Schneier on Security

Sophisticated? • June 22, 2019 12:05 AM

From the ARStechnica post,

features that made Triada so sophisticated. For one, it used XOR encoding and ZIP files to encrypt communications.

ZIP file and XOR encoding is sophisticated? Since when?

Whilst the order you apply compression (ZIP) and stream encryption (XOR encoding) is important, it’s not exactly new or for that matter sophisticated. Using compression to “flatten the statistics” prior to encryption has been a recomendation since before @Bruce wrote his first cryto book with the blue cover back last century.

As for using “XOR encoding” it can mean little or nothing for encoding through to everything for encryption, it all depends on what you XOR with.

If you just XOR the plaintext byte by byte with the same value, such encoding is barely different from a Ceaser Cipher or the much mentioned in jokes ROT13. However using a string of truly random numbers is almost the equivalent of a One Time Pad, it’s security rests on the size of the pad, reuse and access to the pad.

Even using a complex encryption algorithm to generate a “Key Stream” is not exactly appropriate for malware use security wise. Because all the parts including the key are often embedded in some way into the malware code or downloaded thus available to malware researchers.
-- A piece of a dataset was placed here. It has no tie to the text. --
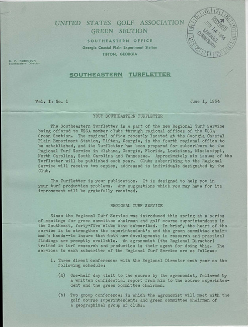 Southeastern turfletter. Vol. 1 no. 1 (1954 June)

But for those who know how the XOR gate works this from a researcher must surely raise a wry smile,

“The apps were downloaded from the C&C server, and the communication with the C&C was encrypted using the same custom encryption routine using double XOR and zip,” Siewierski wrote.

For those old enough to know what “.com” files were and who “Dr Solomon” was back in the 1980’s the use of XOR encoding was one of the first ways used to “morph malware”[1]. Back then it was considered “the new way” to avoid the then common “signature” based Anti-Virus detection. It was thus only used for obfuscation not secrecy of any kind.

I would have hoped the world has kind of moved on a bit since then or has such knowledge in effect become “forgotten knowledge”?

So if it is “forgotten” the question is by who?

That is, is it the researchers, journalists, both or worse it’s not been taught to several generations of software writers. Because people have treated it like “Forbidden Fruit” knowledge. If the latter it’s realy a little pointless because it’s neither difficult to find the parts of the information or for someone with a slight degree of curiosity to work it out.

[1] A “.com” file was a hang over from the C/PM days of the 1970’s, put simply, in essense it was a memory image of the executable code that got loaded directly into memory at a known offset (100h). MS-DOS then jumped to that address and started executing the code. Thus all a malware writer had to do was start the .com code with a three byte jump instruction to get past a block of “random bytes” to the start of the XOR decryption engine. The block of random bytes could likewise be any length even random as it’s length could be easily calculated from the the jump address. The decryption engine then walked it’s way down the image in memory decrypting it’s self as it went repeatedly using the “random bytes”. Thus the payload would be decrypted and then executed. In turn the first payload could be a “Run Length Decoder” or similar to expand a second payload, as long as it all stayed within the 64Kbyte limit it would work. Most ASM programers of the time –and if you wrote PC Code back then you were an ASM programer– could cut their own version of such XOR code in at most an afternoon using debug.com[2] and the run length coder in a day as it was most certainly not “Rocket Science”.

[2] Like much else Microsoft sold debug.com was not originally developed or even purchased by them. It was written in 1980 by Tim Paterson who put it into the public domain. So Microsoft just used it in MS-DOS 2.X onwards, with as far as I remember no acknowledgment at all. For those of use that knew that, the Bill Gates “rant” letter about people copying BASIC struck us as hypocritical at best.